Intensive Sampling for E. Coli, Salmonella, Listeria Moncytogenes & Initial Survey & Detection Methods for Norovirus, in the Salinas Valley.
Location: Produce Safety and Microbiology Research
Project Number: 5325-42000-047-04
Start Date: Aug 15, 2011
End Date: Aug 04, 2016
Acquire E coli and Salmonella contamination data, necessary for parameterizing the predictive geospatial risk assessment model (PGRAM) developed for FDA by NASA.
ARS will coordinate with scientists at FDA and NASA to plan for the collection of at least 525 samples during this project. In the design, the goal is to achieve optimal “chain of custody” of samples and shorter times from field to lab. Time will be taken during the design phase to assess the benefits of more frequent sampling of a single site, or limited number of sites, to monitor runoff and/or movement during heavy precipitation events. For example, a swab could be introduced into flowing water every day, twice a day, four times a day, for a few days. Sites could be selected based on previous data indicating higher incidence relative to other sites.The sampling sites will be picked from among many that have previously been sampled by ARS. Many of the potential sites are located near produce fields and/or are watersheds that flow through a large number of fields.
Type of Work to be completed:
We will use “Moore Swabs” for sampling the sites because they pick up much higher levels of bacteria flowing by than can a grab sample. As per plan and schedule, a trained sampler will label, place and extract the “Moore Swabs”, and take the samples to the lab for analysis. The laboratory is approximately 2 to 3.5 hours from the relevant watershed sampling sites in the proposed study (northern Monterey and San Benito counties and Southern Monterey County) based on previous incidence data.The cost of analysis of any environmental sample for STEC and Salmonella are high due to the expensive chromogenic media needed for robust isolation and identification.

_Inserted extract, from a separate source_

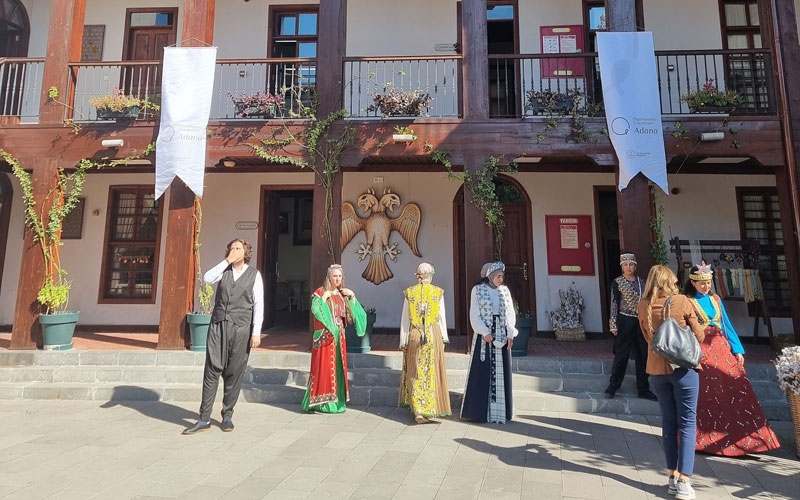 Festivalin ikinci günü ilk durak, Kazancılar restoran oldu. Sabah kahvaltısında yenen leziz ciğer, şehirde güne tam bir Adanalı gibi başlamanın ilk adımıydı. Tarihi çarşının o keyifli sokaklarında rehber eşliğinde yürüyerek yapılan gezide Kadın Kooperatifleri Birliği’nin el emeği ürünlerinin hikayeleri, Büyük Saat ve Ulu Cami Külliyesi’nin tarihi dinlendi, tarihi Tepebağ evleri sokağında fotoğraflar çekildi, Kahve Müze’sinde geleneksel içeceklerimizin başında gelen kahvenin yolculuğuna tanıklık edildi. Öğle yemeği molası ise Adana Olgunlaşma Enstitüsü Kültür Sanat Merkezi’nin tarihi binasının avlusunda verildi. Enstitü üyesi kadınların saatler süren el emeğiyle hazırladıkları eserlerin sergilendiği alandaki aksesuarlar, takılar, geleneksel giysiler, tarihsel motiflerle bezeli porselen yemek takımları tüm konukları hayran bıraktı. Yine geleneksel motiflerle elde hazırlanmış porselen ve seramik eserler satılan Kültür Merkezi’nin mağaza bölümünde yapılan alışverişten sonra avluda kurulan şık masalarda buluşan konuklar enstitünün çalışmalarını da yöneticilerinden dinledi.

The STEC method involves enrichment culture, Dynal O157 IMS beads, then subculture on four different media (CT-SMAC, Rainbow O157, Chromagar O157 and Sheep red blood cell agar), and intensive colony picking, RT-PCR for Shigatoxin (Stx) and characterization of each strain by serotyping for the “top 10 serovars,” virulence genes (eae, hlyA, stx1, stx2, fliC, perosamine synthase), PFGE (O157 only), and 11 loci MLVA for O157 STEC strains and 7 loci MLVA-ompA sequence hybrid method for non-O157 STEC strains.
Salmonella strains are isolated by non-selective enrichment, then IMS capture and plating on MSRV medium, and colonies are subcultured on XLD and other media. Isolates are confirmed as Salmonella by PCR and fingerprinted by PFGE and MLST.
Water samples will be tested by Colilert assay also for MPN of generic E. coli.